- EXERCISE AIM
The pictures in the listing below are to be skipped, while the lines between the line holding "TOMALL 132 Pieces" and the line holding "- Heavy-duty and", inclusive, are to be output exactly.

- INFORMATION
----------
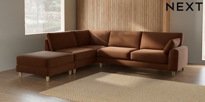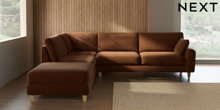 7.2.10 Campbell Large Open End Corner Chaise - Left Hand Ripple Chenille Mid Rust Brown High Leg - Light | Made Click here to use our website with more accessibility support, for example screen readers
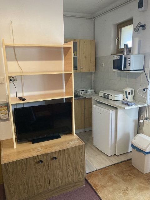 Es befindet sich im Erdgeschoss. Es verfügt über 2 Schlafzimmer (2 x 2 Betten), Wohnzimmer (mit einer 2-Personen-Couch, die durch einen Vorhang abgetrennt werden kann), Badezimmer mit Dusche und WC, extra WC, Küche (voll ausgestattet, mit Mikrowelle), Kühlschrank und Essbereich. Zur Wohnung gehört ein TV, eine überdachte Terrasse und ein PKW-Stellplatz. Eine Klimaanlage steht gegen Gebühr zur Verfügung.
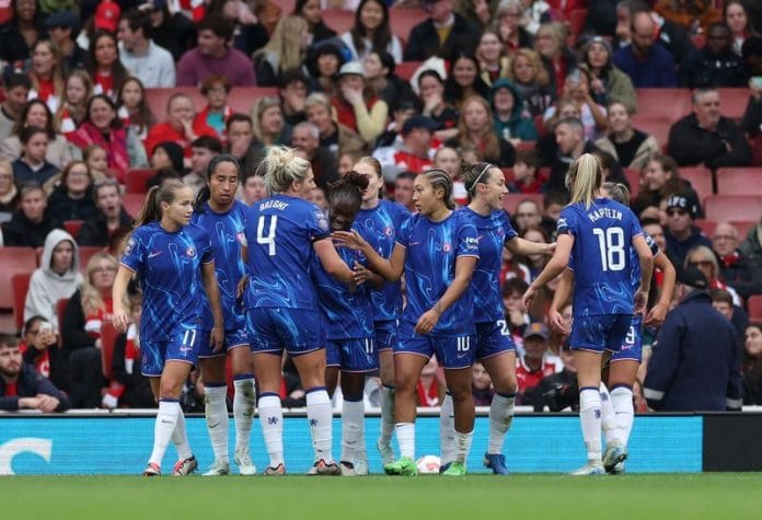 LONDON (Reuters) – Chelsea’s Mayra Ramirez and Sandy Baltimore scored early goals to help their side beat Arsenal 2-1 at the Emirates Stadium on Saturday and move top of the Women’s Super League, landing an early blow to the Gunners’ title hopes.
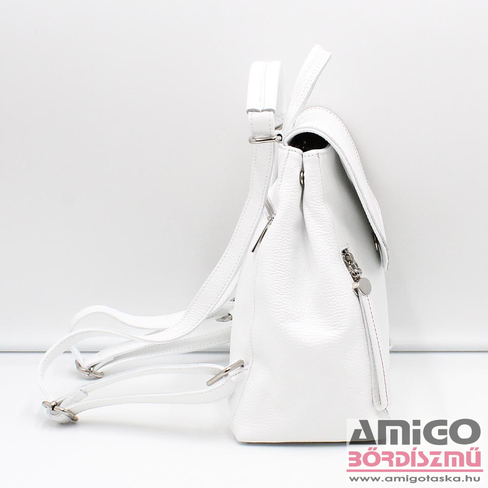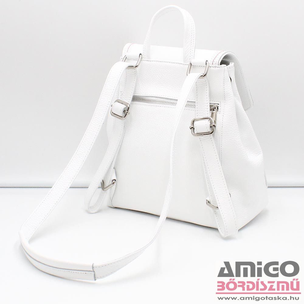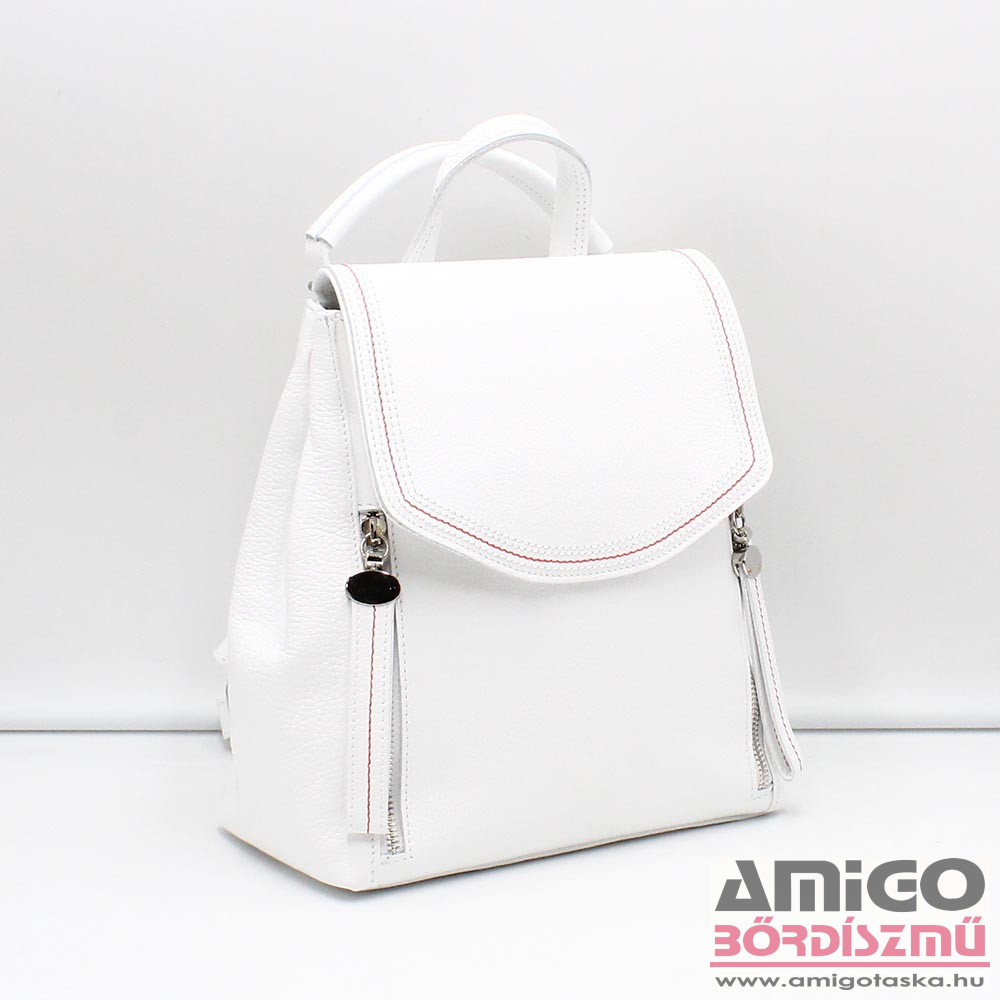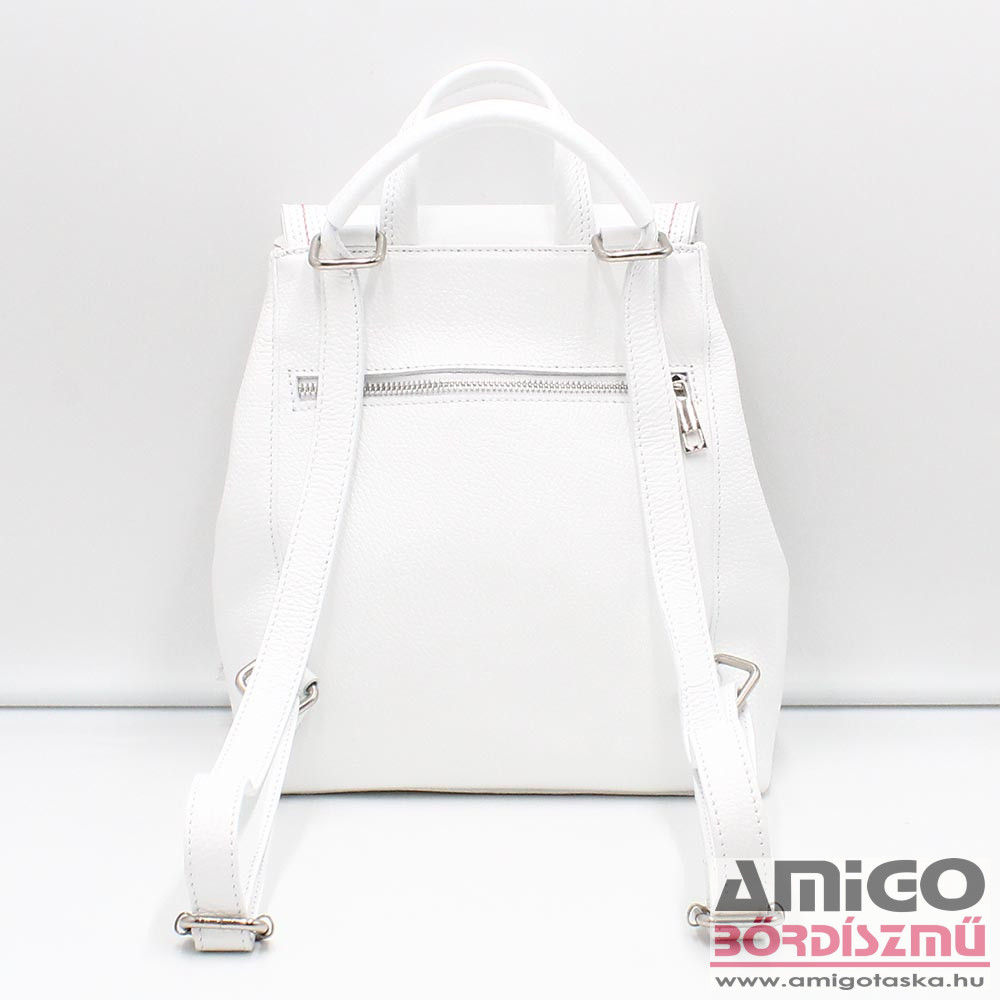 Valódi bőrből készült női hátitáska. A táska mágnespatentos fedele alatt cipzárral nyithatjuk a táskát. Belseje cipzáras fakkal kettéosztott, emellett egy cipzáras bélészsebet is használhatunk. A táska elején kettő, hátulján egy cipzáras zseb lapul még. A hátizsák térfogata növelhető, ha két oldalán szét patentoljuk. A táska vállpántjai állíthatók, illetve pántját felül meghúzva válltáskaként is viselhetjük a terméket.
----------
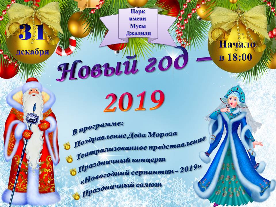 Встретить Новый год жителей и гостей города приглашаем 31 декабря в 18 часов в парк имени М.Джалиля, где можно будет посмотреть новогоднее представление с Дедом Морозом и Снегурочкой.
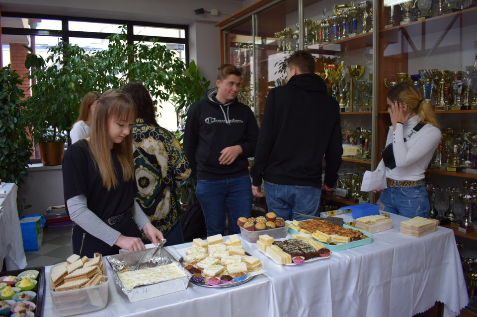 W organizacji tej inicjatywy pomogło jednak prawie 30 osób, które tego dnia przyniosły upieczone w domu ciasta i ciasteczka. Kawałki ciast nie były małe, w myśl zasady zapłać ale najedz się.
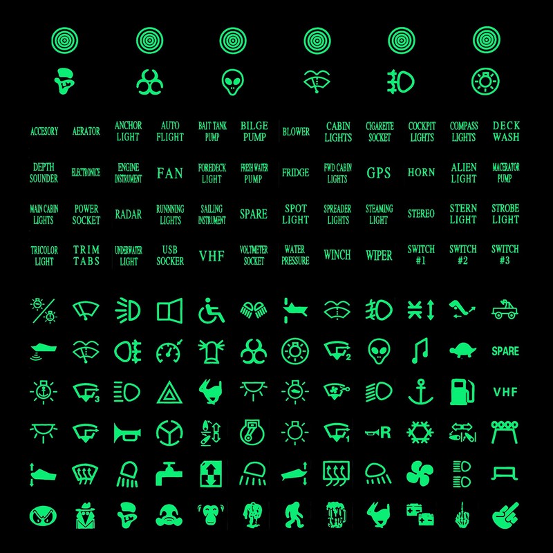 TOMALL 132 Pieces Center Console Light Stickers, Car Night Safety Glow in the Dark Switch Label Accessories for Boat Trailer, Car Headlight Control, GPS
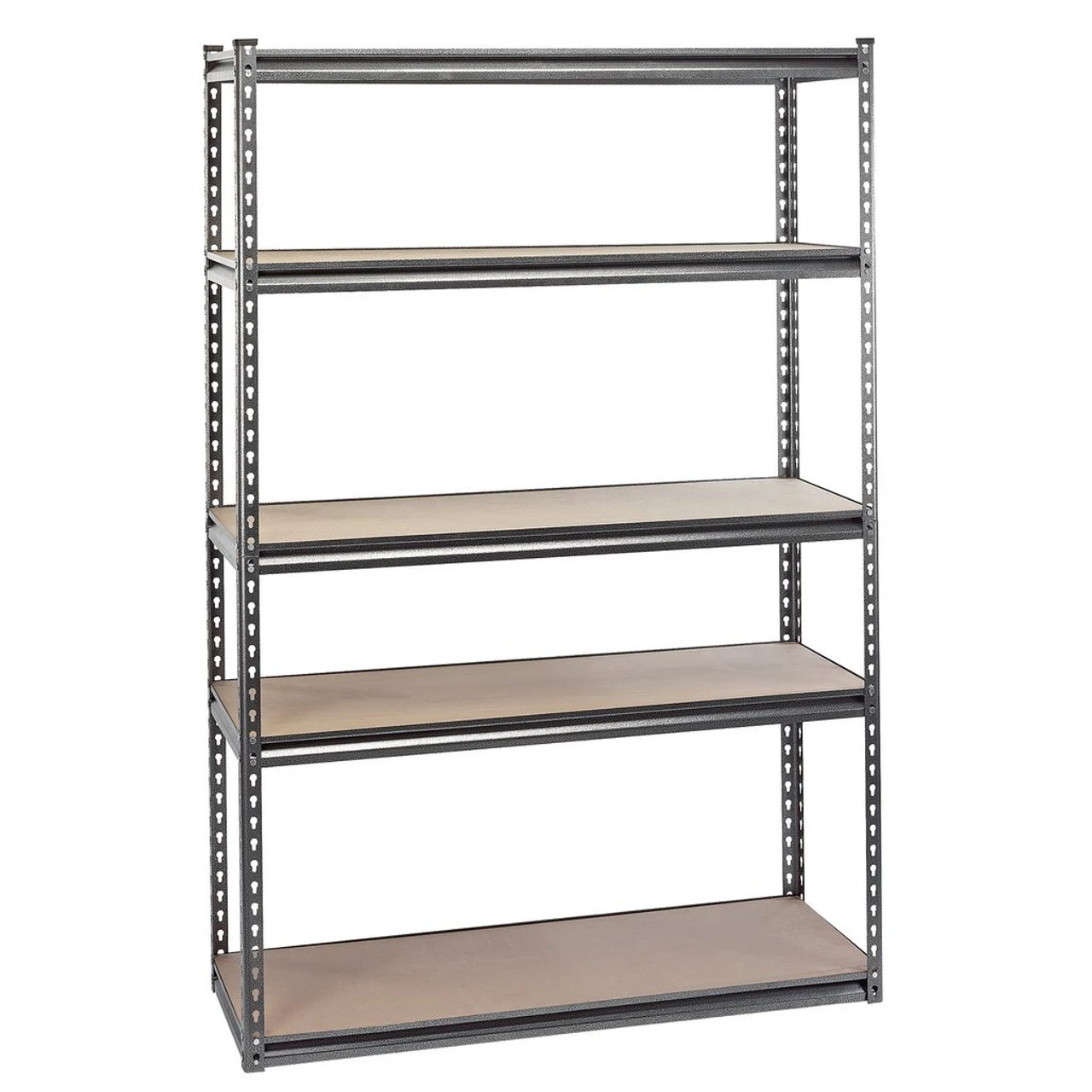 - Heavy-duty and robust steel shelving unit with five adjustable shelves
----------
- PROBLEM SOLUTION
 TOMALL 132 Pieces Center Console Light Stickers, Car Night Safety Glow in the Dark Switch Label Accessories for Boat Trailer, Car Headlight Control, GPS
 - Heavy-duty and robust steel shelving unit with five adjustable shelves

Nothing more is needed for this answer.